GWAS of HIV-Associated Comorbid Disease

With the advent of HAART, HIV infection transitioned from an acute to a chronic disease. It is now well accepted that chronic HIV infection and/or HAART may influence several co-morbid diseases of aging as well as elicit disease-specific conditions [29, 30]. These conditions include, but are not limited to, neuropathy [31], nephropathy, atherosclerosis [32], metabolic perturbations [33], and neurocognitive disorders [34•]. In addition, the role of the host genome in the setting of co-infections that are common in HIV-infected individuals (e.g., hepatitis C, human papilloma virus) is an active area of research, particularly given the increased risk for common co-morbid disease (e.g., chronic kidney disease [35]).

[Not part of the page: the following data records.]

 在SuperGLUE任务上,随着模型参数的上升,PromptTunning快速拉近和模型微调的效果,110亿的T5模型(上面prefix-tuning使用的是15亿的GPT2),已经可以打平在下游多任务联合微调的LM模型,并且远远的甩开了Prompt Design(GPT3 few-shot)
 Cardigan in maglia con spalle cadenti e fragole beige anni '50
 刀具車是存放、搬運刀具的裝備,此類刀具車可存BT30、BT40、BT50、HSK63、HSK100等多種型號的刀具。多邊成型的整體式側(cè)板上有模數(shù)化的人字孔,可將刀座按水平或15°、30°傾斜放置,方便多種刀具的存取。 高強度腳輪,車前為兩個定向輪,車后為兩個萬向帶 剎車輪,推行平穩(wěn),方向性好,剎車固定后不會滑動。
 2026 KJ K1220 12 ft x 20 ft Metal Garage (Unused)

The complex and poorly understood natural history of HIV infection necessitated rigorous longitudinal follow-up and in-depth characterization of the participants (e.g., demographic characteristics, clinical characteristics, co-morbid diseases, cell repository) enrolled into natural history cohorts. A natural byproduct of these intense and sustained studies is the possibility to not only contribute to an understanding of HIV and subsequently response to HAART, but also common co-morbid disorders and diseases. Below, two GWAS that serve as compelling exemplars of the importance of studying comorbid diseases in the setting of HIV are described.

Risk for chronic kidney disease is strikingly elevated in the setting of HIV infection. In addition, differences by race are observed with African Americans at increased risk. Mapping by admixture linkage disequilibrium, a method that detects ancestral risk alleles for disease in groups of individuals from recently mixed populations, resulted in the identification of a novel risk locus (i.e., myosin, heavy chain 9, non-muscle [MYH9]) [36]. Although recent evidence suggests that an adjacent locus may underlie the association with the MYH9 locus [37], the power of the approach is clear.

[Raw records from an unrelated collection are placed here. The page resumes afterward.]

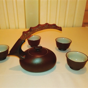 参赛作品中的一套茶具,其陶瓷壶的提把手是用北山羊羊角做成的 石承烈摄
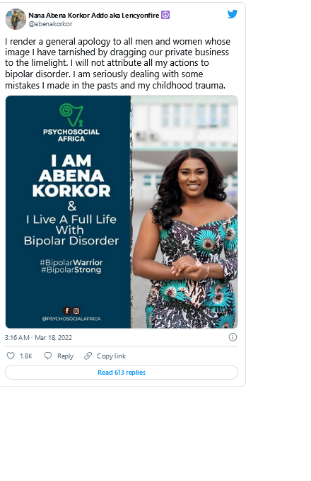 “I will not attribute all my actions to bipolar disorder. I am seriously dealing with some mistakes I made in the past and my childhood trauma,” she stated.
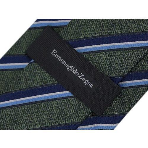 【未使用】ゼニア ブランド ネクタイ エルメネジルド・ゼニア Ermenegildo Zegna 高級 シルク 100% ストライプ モスグリーン 緑 mu30044
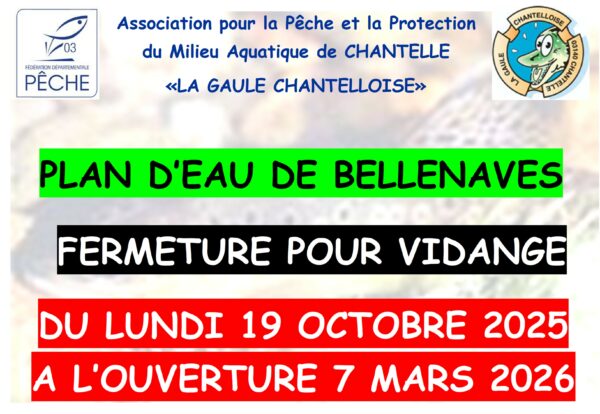 Fermeture du plan d’eau de Bellenaves du 19 octobre 2025 au 07 mars 2026
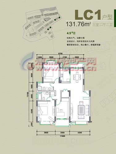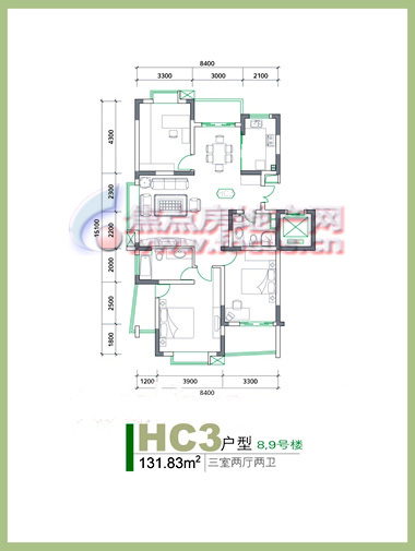 3室2厅2卫-人和家园 8,9号楼HC3户型131.83平米三室两厅两卫
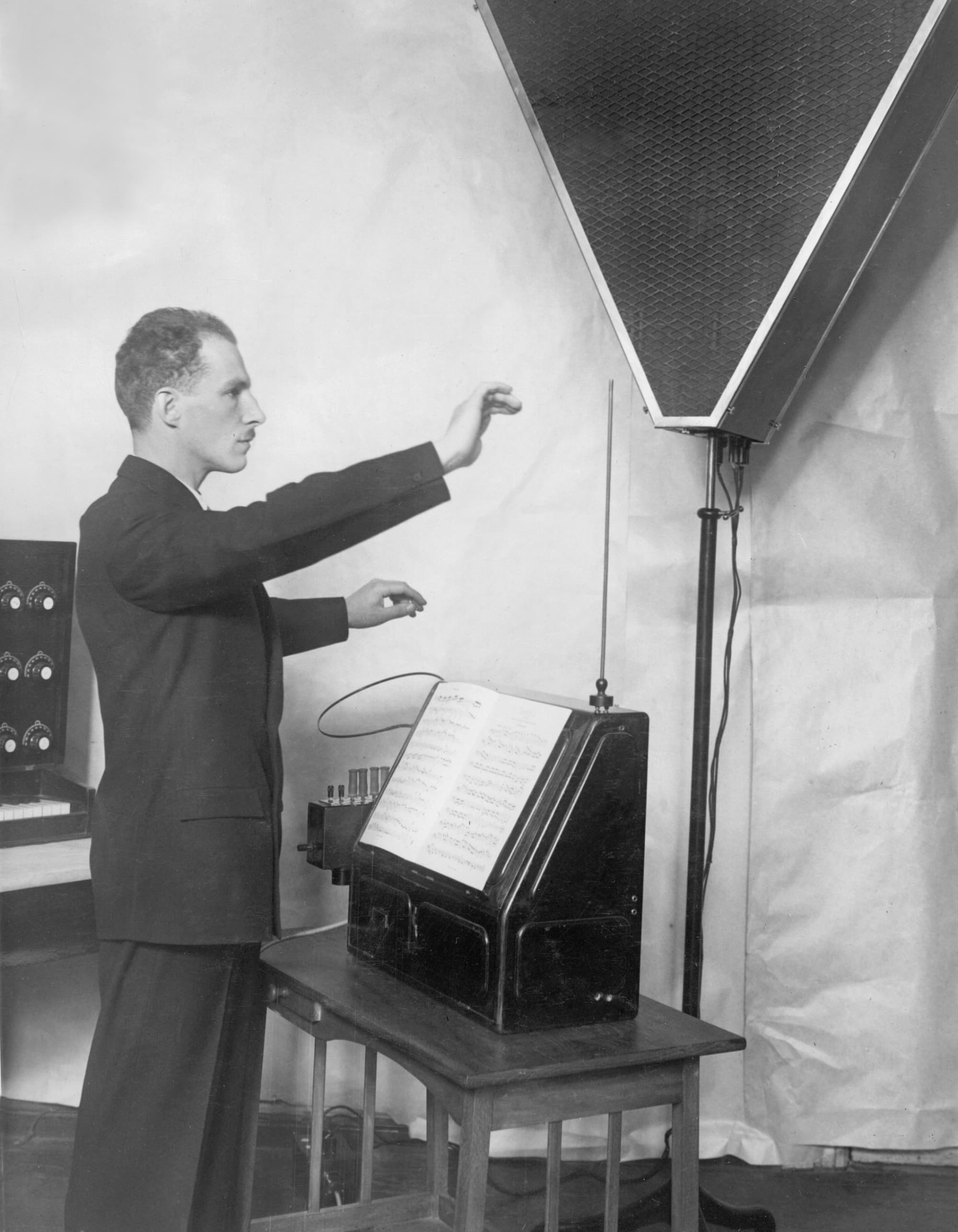 Bereits 1920 hatte Termen das Spielgerät erfunden. Er taufte es zunächst Ätherophon. Das Prinzip basierte auf einem Schwingkreis und einem Kondensator. Mit der Bewegung der Hand lassen sich Schwingungen erzeugen, die dann durch einen Oszillator verstärkt werden. Mit einer Hand steuert man die Tonhöhe und mit der anderen die Lautstärke des Instruments.
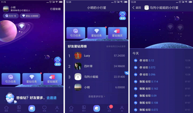 中间的就是星球版“蚂蚁森林”,用户完成系统规定的不同行为能获取星钻,如上所及还可以去偷别人的星钻。当然,蚂蚁森林是支付宝内部的一个公益小游戏,用户获取的绿色能量主要是可以种树,“网易圈圈”的星钻则是可以赚钱;而且在用户的反馈之下,支付宝已经取消了“可以偷取别人绿色能量”的功能,但类似的排名和社交激励体系依然存在。

An equally promising discovery by GWAS of atherosclerosis in the setting of HIV was recently reported by Shrestha and colleagues [38]. Their search resulted in the identification of two SNPs in tight LD associated with carotid intima-media thickness mapping to the ryanodine receptor (RYR3). Previous work not only implicated a role for these SNPs in the etiology of cardiovascular disease, but the RYR3 protein is also known to interact with the HIV Tat protein. Clearly, additional research is warranted to better understand the role of the host genome in risk for common disease within the context of HIV.

Systems Biology: A New Vista to Understanding HIV Pathogenesis

Clearly, the complex host–viral interactions that underlie HIV pathogenesis will not be unraveled by GWAS alone. The integration of several other components of both cellular and organism-level processes will be required, termed a systems biology approach. Recent examinations of different functional RNA (fRNA) classes and gene expression profiles of specific host immune cell populations have yielded unique insights into HIV infection [1••]. The examination and integration of genomic, epigenomic, transciptomic, proteomic, metabolomic, and viral protein interactome are requisite. Though bioinformatic, computational, and statistical barriers to the integration of these data exist, new solutions to these challenges emerge daily. The integration of these data is sure to suggest novel therapeutic opportunities to interfere with the host–viral interaction to stymie effective infection.

Conclusions

The success of GWAS in the identification of HIV infection and control of viral levels (i.e., set point) is clear. However, the genes discovered to date and their variations only explain a portion of the variance in these traits. The addition of novel phenotypes in cohorts with pre-existing genome-wide data, the examination of novel cohorts by GWAS, and the application of novel analytic approaches and data mining will undoubtedly yield novel insights into HIV pathogenesis and risk for common co-morbid diseases. GWAS remains a cost-effective strategy to identify genes of interest that can be the focus of more resource-intensive functional and molecular studies. And finally, a systems biology approach will permit the integration of GWAS findings with other facets of cellular and organism-level biology and to prioritize targets for future therapies.